The Washington Post reports this morning on a smoking gun that proves once and for all that the White House knew full well that the Intelligence Community had no confidence in the Niger uranium story prior to the President reading the famous 16 words in the 2003 State of the Union address.

Here is what we already knew. On October 7, 2002 George Tenet interceded to make sure that a reference to Niger was taken out of a Presidential speech in Cincinnati. When Condoleezza Rice was asked (on July 13, 2003), why the reference reappeared in the SOTU, she responded:

When we got to the State of the Union, there were — first of all, a lot of time had passed, several months. There were reports in the NIE about other African countries. There was the British report that talked about the efforts to get uranium in Africa.

The British, by the way, still stand by their report to this very day in its accuracy, because they tell us that they had sources that were not compromised in any way by later, in March or April, later reports that there were some forgeries.

Now, we have said very clearly that the information went in on the basis of a number of sources, but we have a different standard for presidential speeches, which is that we don’t just put in things that are in intelligence sources. We put in things that we believe the intelligence agency has high confidence in, and that’s why we have a clearance process.

But the Post reveals some crucial facts that explode Rice’s rationalizations. First, the Niger allegations reappeared in a December 19, 2003 State Department ‘fact sheet. This ‘fact sheet’ concerned the Pentagon and led them to seek clarification in case they might feel the need to reevaluate their relationship with the Niger government.
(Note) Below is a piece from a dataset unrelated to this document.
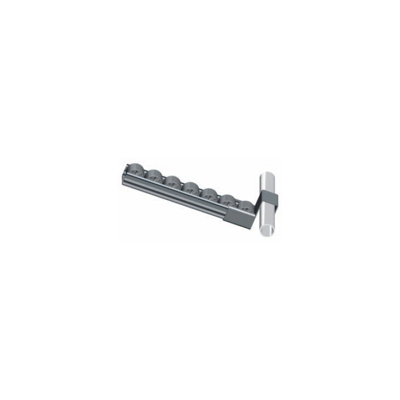 L'estremità della guida ha una battuta meccanica e i portapezzi non possono uscire dal tratto.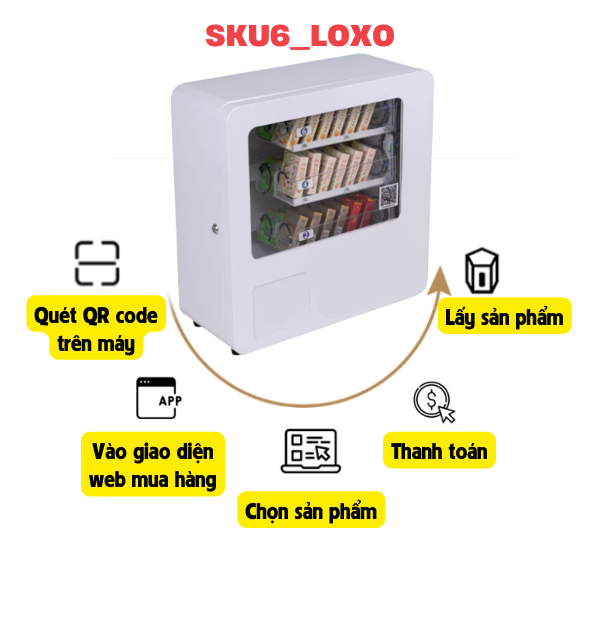 Máy bán hàng tự động mini VNVENDING-SKU6-loxo là dòng máy chuyên dụng cho khách sạn, homestay, chung cư, ...

…the Pentagon asked for an authoritative judgment from the National Intelligence Council, the senior coordinating body for the 15 agencies that then constituted the U.S. intelligence community. Did Iraq and Niger discuss a uranium sale, or not? If they had, the Pentagon would need to reconsider its ties with Niger.

The council’s reply, drafted in a January 2003 memo by the national intelligence officer for Africa, was unequivocal: The Niger story was baseless and should be laid to rest. Four U.S. officials with firsthand knowledge said in interviews that the memo, which has not been reported before, arrived at the White House as Bush and his highest-ranking advisers made the uranium story a centerpiece of their case for the rapidly approaching war against Iraq.

The Post also noted that Rice’s appeal to “[t]he British, by the way, still stand by their report” has since been proven groundless.

British Prime Minister Tony Blair maintained they had additional, secret evidence they could not disclose. In June, a British parliamentary inquiry concluded otherwise, delivering a scathing critique of Blair’s role in promoting the story.

This may all sound like old news. And to those of us that have been both paying attention and unwilling to swallow the kool-aid, none of this comes as much of a surprise. After all, we have already learned from the head of MI6 that the ‘facts were being fixed around the policy’. And the Washington Post reported back on September 29, 2003 about the efforts of Hadley, Libby, and Cheney to manipulate the intelligence in Powell’s report to the UN on February 5th, 2003.

Powell’s presentation was aimed at convincing the world of Iraq’s ties to terrorists and its pursuit of chemical, biological, and nuclear weapons. On Jan. 25, with a stack of notebooks at his side, color-coded with the sources for the information, Libby laid out the potential case against Iraq to a packed White House situation room. ‘We read [their proposal to include Atta] and some of us said, Wow! Here we go again,’ said one official who helped draft the speech. ‘You write it. You take it out, and then it comes back again.’ … [Some] officials present said they felt that Libby’s presentation was over the top, that the wording was too aggressive and most of the material could not be used in a public forum. Much of it, in fact, unraveled when closely examined by intelligence analysts from other agencies and, in the end, was largely discarded.”

So, even if we are not surprised it is still a major reveleation to have our suspicions so strongly confirmed. “Four U.S. officials with firsthand knowledge said in interviews that [a National Intelligence Council] memo…[that stated unequivocally that the Niger allegations were groundless] arrived at the White House as Bush and his highest-ranking advisers made the uranium story a centerpiece of their case for the rapidly approaching war against Iraq.

And they went ahead and kept the uranium as the centerpiece of their case. Game. Set. Match.

Wilson was right. Will the right-wing bloggers apologize? Will America care?